# Exercise inputs:

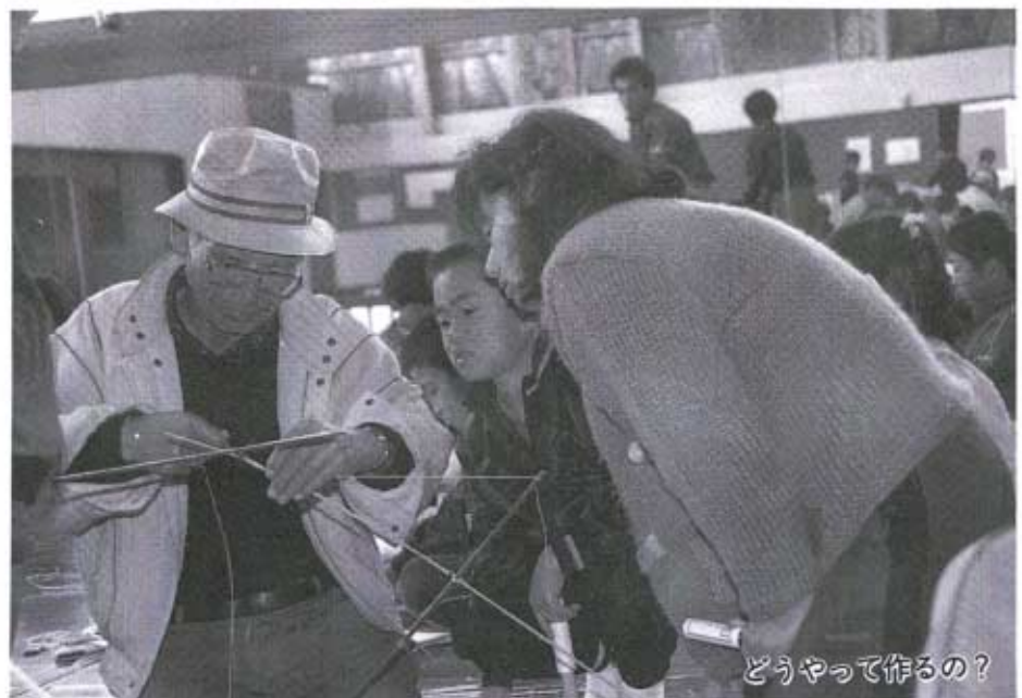
どうやって作るの?

十二月二十日(日)、中央公民館で、伝承グループの皆さんの指導により、「たこづくり講習会」を開催しました。親子づれなど、六十人の参加で、思い思いのたこづくりに挑戦しました。一月十五日(成人の日)の「たこあげ大会」が楽しみです。
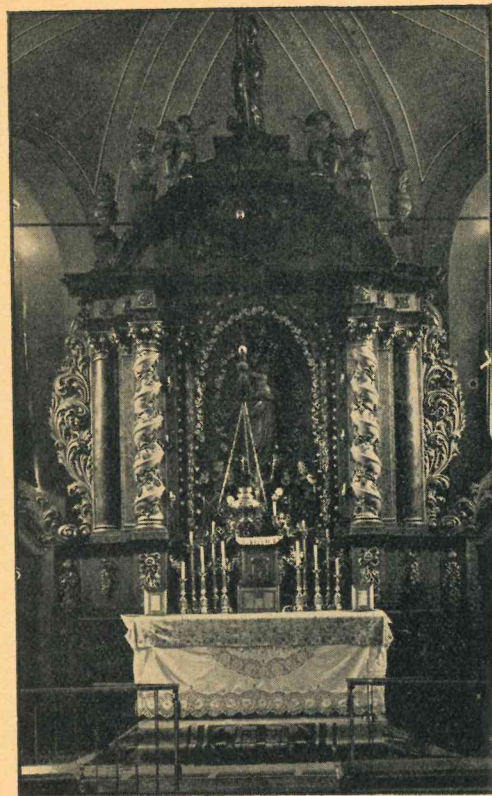
Hlavní oltář kostela svatokilianského.

Svatý Kilian pocházel ze vznešeného rodu ve Skotsku, kde se narodil kolem roku 644. Vstoupil
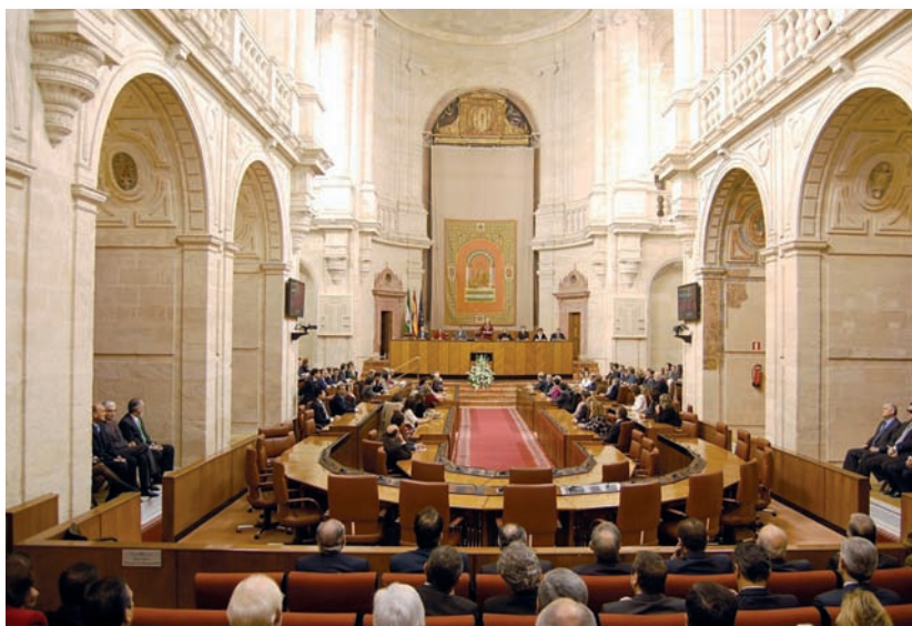
Imagen del Parlamento andaluz

Los frecuentes rumores sobre la posibilidad de que los empleados públicos tuvieran la posibilidad de la libre colegiación han quedado aclarados y descartados con esta sentencia del TC
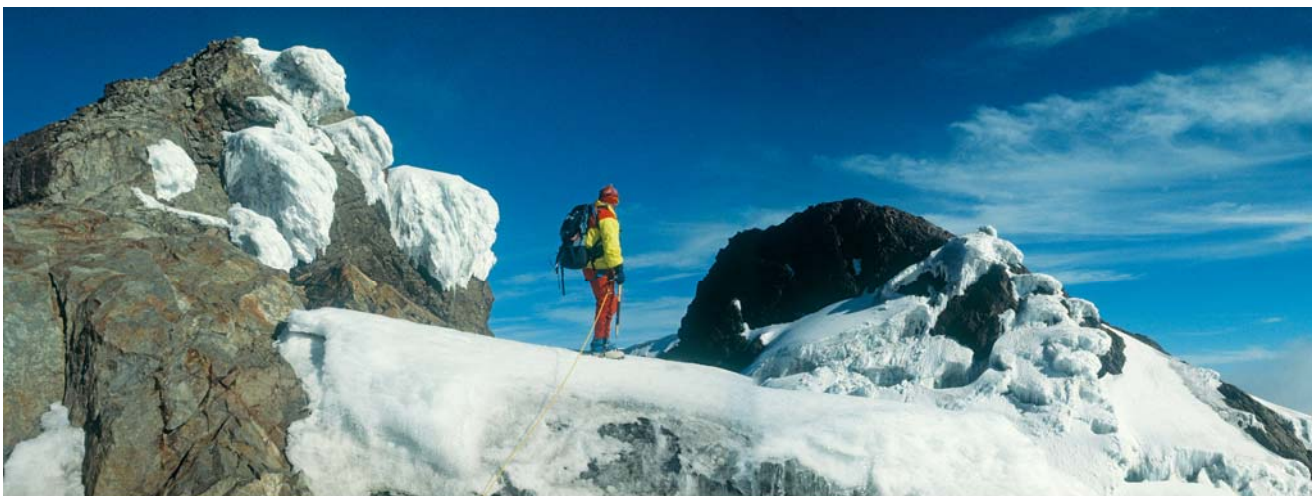
"Lunae Montes", die sagenhaften Mondberge

Abwickler: Die Abwicklung allfälliger Ansprüche erfolgt durch den Verein der Interessensgemeinschaft der Pauschalreiseveranstalter, p. A. Europäische Reiseversicherung AG, Augasse 5-7, A-1090 Wien. Telefon: 0043/1/3172500. Sämtliche Ansprüche sind bei sonstigem Anspruchsverlust innerhalb von 8 Wochen nach Eintritt der § 1 Abs. 3 der RSV genannten Ereignisse anzumelden.
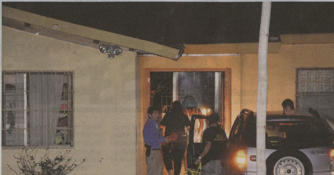
La mujer de apellido Venegas vivía a la par de la casa en la que mataron al empresario. FRANCISCO BARRANTES
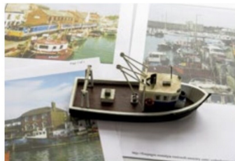
Recherche von ähnlichen Booten zur Anregung der Gestaltung.
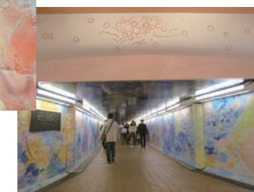
ウィロード西口側より
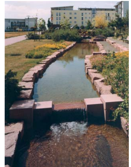
Mit Porphyry gestaltete Gartenanlage in Großkugel bei Leipzig.

Das Gestein weist bauphysikalisch eine günstige Verteilung der Porenradialen auf. Der Hauptteil der Porengrößen liegt zwischen 0,1 bis 0,01 m. Damit verbunden hat der LÖBEJÜNER PORPHYR einen sehr niedrigen w-Wert (0,18 kg/m 3 vh) und gehört somit in die Gruppe der gering saugenden Natursteine; ein kapillares Saugen kann nahezu ausgeschlossen werden. Für den Sättigungsgrad ( S = W_{atm}/W_{vak} ) ergibt sich ein Wert von 0,77 und das Gestein kann damit nach DIN 52106 als witterungs- und frostbeständig bewertet werden. Betrachtet man gleichzeitig dazu den geringen Abrieb (nach
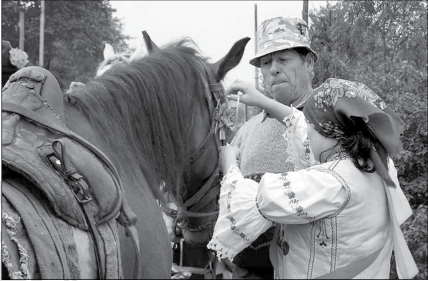
3. A csőzlány szalaggal díszíti a csőzlegény lovát. Gyimesközeplok, 2005
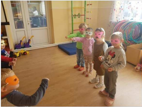
14. ábra. Szerepjáték
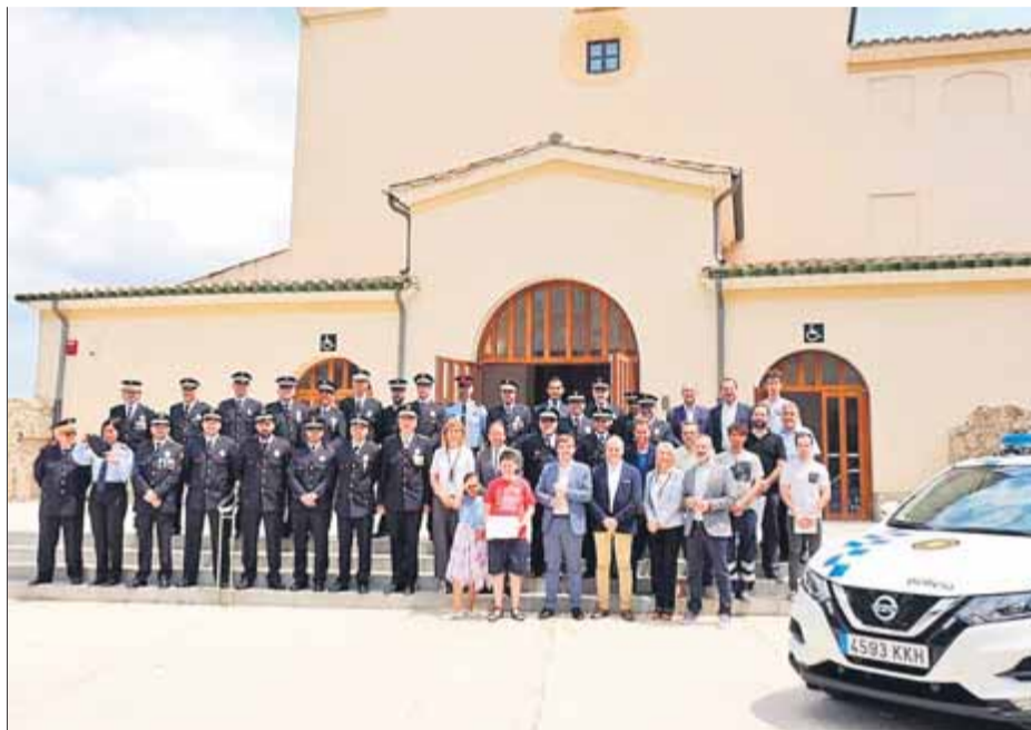
La fotografia feta al final de l'acte amb protagonistes i polítics

En funcions de policia administrativa, les denúncies van ser 200 per l'ordenança de civisme i convivència; 79 van ser referides a l'ordenança de tinença d'animals, 26 per l'ordenança de residus i 164 denúncies referides a la llei de seguretat ciutadana. Així mateix, la Guàrdia Urbana també fa en deter-
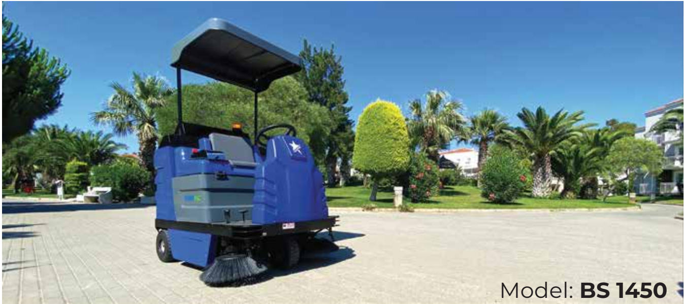
Model: BS 1450
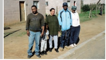
OPERAI DAVANTI ALLE LORO ABITAZIONI
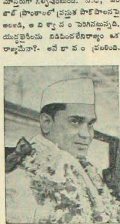
మధ్యప్రదేశ్ గజదొంగలను మామూలు పౌరులనుచేసిన శ్రీ జయప్రకాష్

నల్గొండయ నాయకుడైన జయప్రకాష్ నారాయణకు ప్రణమిల్లి. ప్రభుత్వ క్యానికీ లొంగిపోతున్నారు. తమసహచరులందరినీ లొంగబాటుకై వారు ప్రోత్సహిస్తున్నారు. జయప్రకాష్ ఈ పేర్లువంటే హడలిపోయే వారంతా వచ్చినే క్రవర్యంగా మీని దర్శిస్తున్నారు. (ఇది ప్రకటిస్తున్న సమయంలో ఈ గజదొంగ నాయకులు తమ అనుచరులతోటి లొంగిపోయిట్లు వార్త లొచ్చాయి. -సం.) అదార్య వివేచా భావేనో ఇది అరంభ మైనది. తన దేశమే గంగా జహతిహై దిక్రంలో ఈ లొంగబాటు కళనే దిలిం దారు. జయప్రకాశనారాయణ కృషి తో గజదొంగల అధ్యాయం సమాప్తకావల్సింది. వీహారులో అంత పెద్ద జైనులపై రక్షిండా డీయన్! బాంగ్లా దేశ విమోచనానికై ప్రవ్రథమంగా ఎంగెల్ల దాటి, అక్కరా తియ ప్రదారంచేసి, ఆ ఉద్యమానికి మాన్యతను సంపాదించింది! ఇప్పుడు మళ్ళీ ఈ 'గజదొంగలను' పట్టిస్తున్నాడు- బహుమానాలు మినహా! ఇటీవల రిటైర్ అవుతానన్నాడు ఈ మహనీయుడు. కాని వీదో ఒక సమస్య వచ్చివది రిటైర్ మెంట్ నుండి ఈయనను ఈడ్చివేస్తున్నది. ఒకవసలోనుంది ఇంకో వసలోకి రిటైర్ మెంట్! అది మనదేశంలో సంగతి. మిగిలిన పాకిస్తాన్- మన పొరుగుదేశం- మరొక బంగ్లాదేశ్ వర్యంతం అవుతున్నది. పాట్లాని స్టాన్, బలాదిస్టాన్ స్వయం పాలక రాష్ట్రాలుగా, అదరలేదుమైన భాగాలుగా పరిగణించబడితే, మిగిలిన పాకిస్తాన్ ఒక
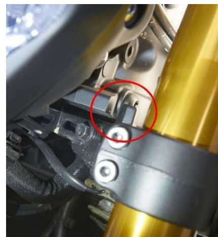
Der Lenkeranschlag darf nicht gebrochen oder verformt sein.

Eine weitere Methode zur Prüfung des Lenkkopflagers und der Telegabel: Drücken Sie das Vorderrad gegen eine Wand, und lassen Sie die Telegabel stark ein- und ausfedern. Knackende Geräusche im Lenkkopf oder in der Gabel weisen auf Spiel und Verschleiß hin. (s.a. Probefahrt, Fahrwerk)
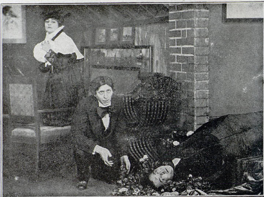
Una escena de la película «La flota de los emigrantes»

Entretanto la hija de Arrigo y de la infortunada Giorgina, se ha convertido gracias a su belleza y a su excelente voz, en una de las mejores tiples de la época y alcanza todas las noches extraordinarios éxitos en el teatro que se ve lleno a rebosar de sus admiradores incansables. Entre éstos un pretendiente que la asedia constantemente, buscando la ocasión
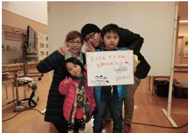
釜石市民からディーニュ市に届けた「ありがとう」のメッセージ
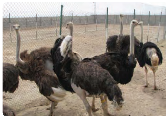
شکل ۲۴-۵- پرورش مرغ و شتر مرغ در استان

توانمندی‌های بخش صنعت و معدن استان: صنعت از بخش‌های عمده و حساس هر منطقه به‌شمار می‌رود که اهمیت این بخش ناشی از نقش بالا و روزافزون آن در جهت رفع نیاز جامعه به کالاهای ضروری صنعتی، کمک به رشد و توسعه سایر بخش‌های تولیدی و زیربنایی و در نهایت تحقق استقلال اقتصادی را به دنبال دارد.
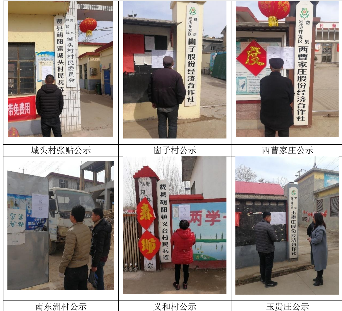
图 4 项目第二次公示周围村庄张贴照片
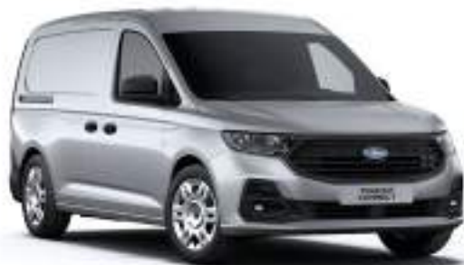
STARDUST SILVER - LAKIER METALIZOWANY 2 000 zł
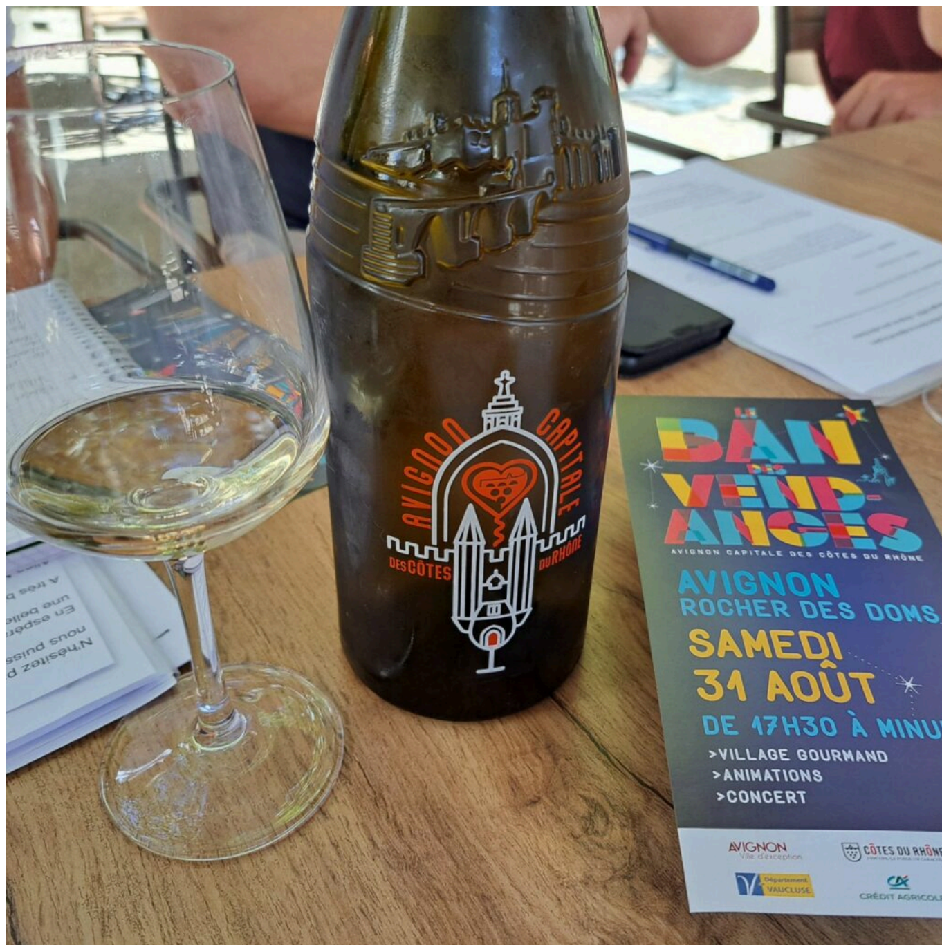
La bouteille 'Avenio'

'Avenio' la bouteille des Côtes du Rhône, vedette du Ban des Vendanges le 31 août
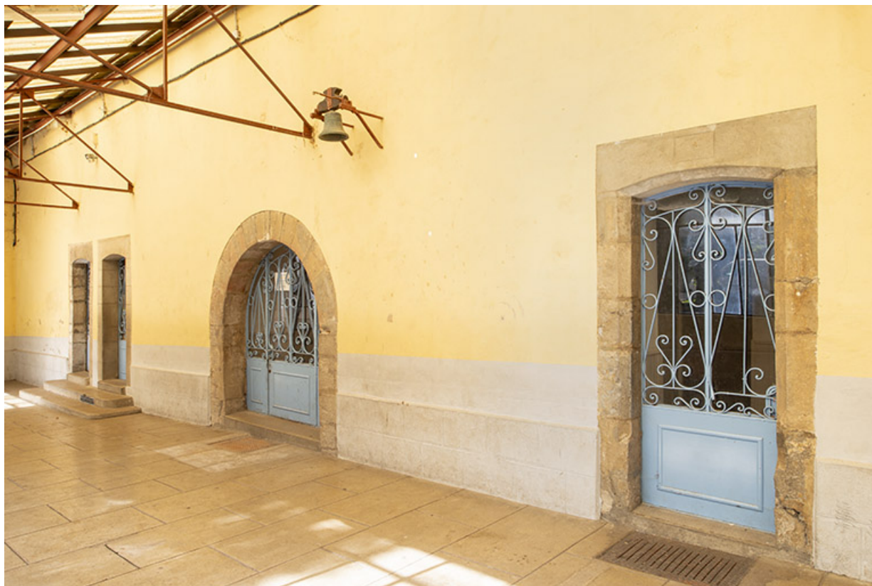
Bâtiment conventuel. Ouvertures de la façade est.
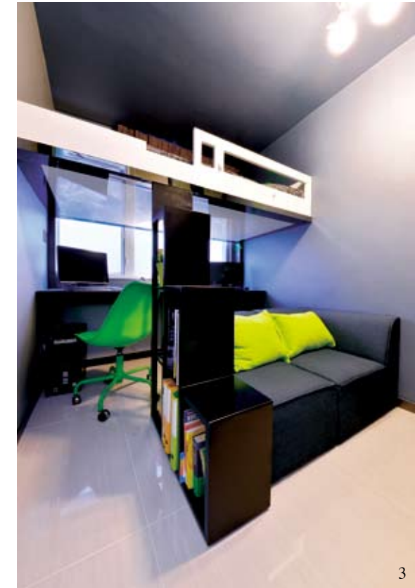
3/ 這個角度看來，簡直不敢相信這是不到60呎的迷你二人房。工作、玩樂，以至私隱空間盡皆齊全，就像自成一個居住單位。另一重點是以砂面灰鏡營造反光不反影效果，抑止眩目與混亂感。

相信不少香港讀者對俗稱「上下舖」的睡房佈局都不陌生，或許你也能從以下採光招數得到靈感——床底即書檯頂鋪上具有高反光度的白色鋼琴面物料，令白晝時，書檯燈透過反光板均勻折射回工作檯上；晚間工作時，書檯燈光更柔和舒適，不會因過強而刺眼，據設計師說還有另一個原因：「這樣男戶主在下層書檯用功時，就可只借助書檯燈，不妨礙上層的女戶主休息，認真貼心。」座落於地面上的樓梯狀書櫃設計，一方面為高架床作上落之用，另一方面增添了層層藏書空間。牆身連帶梳化大膽地配以深灰，空間雖窄，卻能自成一角寧靜氣氛。從而隔出房中房的分界，令年輕夫婦擁有一個設備齊全的玩樂、工作空間。
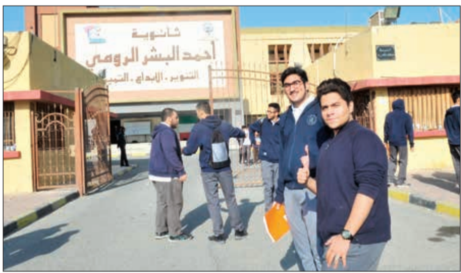
عدد من طلبة ثانوية أحمد البشر الرومي

أدى طلبة المرحلة الثانوية أمس اختبارهم الثاني لنهاية الفترة الدراسية الأولى، حيث قدم طلبة الثاني عشر الأدبي امتحان الفلسفة، بينما كان اختبار الكيمياء لطلبة العلمي. وأكد عدد من الطلبة لـ «الأنباء» أن اختبارات أمس
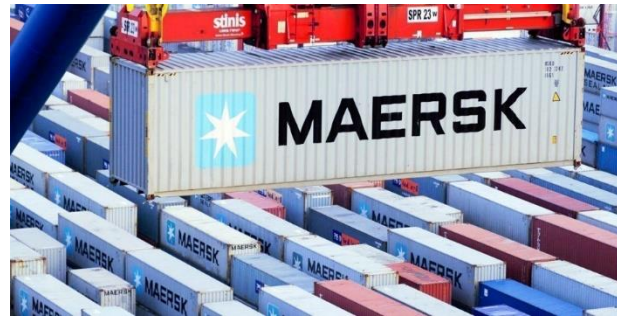
CRISIS DE CONTENEDORES
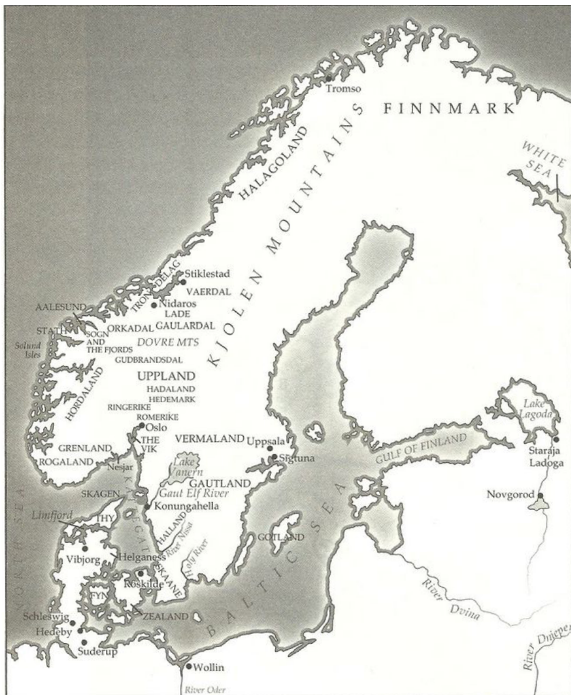
Obrazová příloha č. 1 - Mapa Skandinávského poloostrova. 120
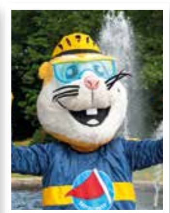
Seite 6 Sattelfest

# Task description:
Your output should consist solely of the lines from the line containing "La bouteille 'Avenio'" through the last line of the entries, verbatim, minus any pictures.

# Output of the task:
La bouteille 'Avenio'

'Avenio' la bouteille des Côtes du Rhône, vedette du Ban des Vendanges le 31 août
Bâtiment conventuel. Ouvertures de la façade est.
3/ 這個角度看來，簡直不敢相信這是不到60呎的迷你二人房。工作、玩樂，以至私隱空間盡皆齊全，就像自成一個居住單位。另一重點是以砂面灰鏡營造反光不反影效果，抑止眩目與混亂感。

相信不少香港讀者對俗稱「上下舖」的睡房佈局都不陌生，或許你也能從以下採光招數得到靈感——床底即書檯頂鋪上具有高反光度的白色鋼琴面物料，令白晝時，書檯燈透過反光板均勻折射回工作檯上；晚間工作時，書檯燈光更柔和舒適，不會因過強而刺眼，據設計師說還有另一個原因：「這樣男戶主在下層書檯用功時，就可只借助書檯燈，不妨礙上層的女戶主休息，認真貼心。」座落於地面上的樓梯狀書櫃設計，一方面為高架床作上落之用，另一方面增添了層層藏書空間。牆身連帶梳化大膽地配以深灰，空間雖窄，卻能自成一角寧靜氣氛。從而隔出房中房的分界，令年輕夫婦擁有一個設備齊全的玩樂、工作空間。
عدد من طلبة ثانوية أحمد البشر الرومي

أدى طلبة المرحلة الثانوية أمس اختبارهم الثاني لنهاية الفترة الدراسية الأولى، حيث قدم طلبة الثاني عشر الأدبي امتحان الفلسفة، بينما كان اختبار الكيمياء لطلبة العلمي. وأكد عدد من الطلبة لـ «الأنباء» أن اختبارات أمس
CRISIS DE CONTENEDORES
Obrazová příloha č. 1 - Mapa Skandinávského poloostrova. 120
Seite 6 Sattelfest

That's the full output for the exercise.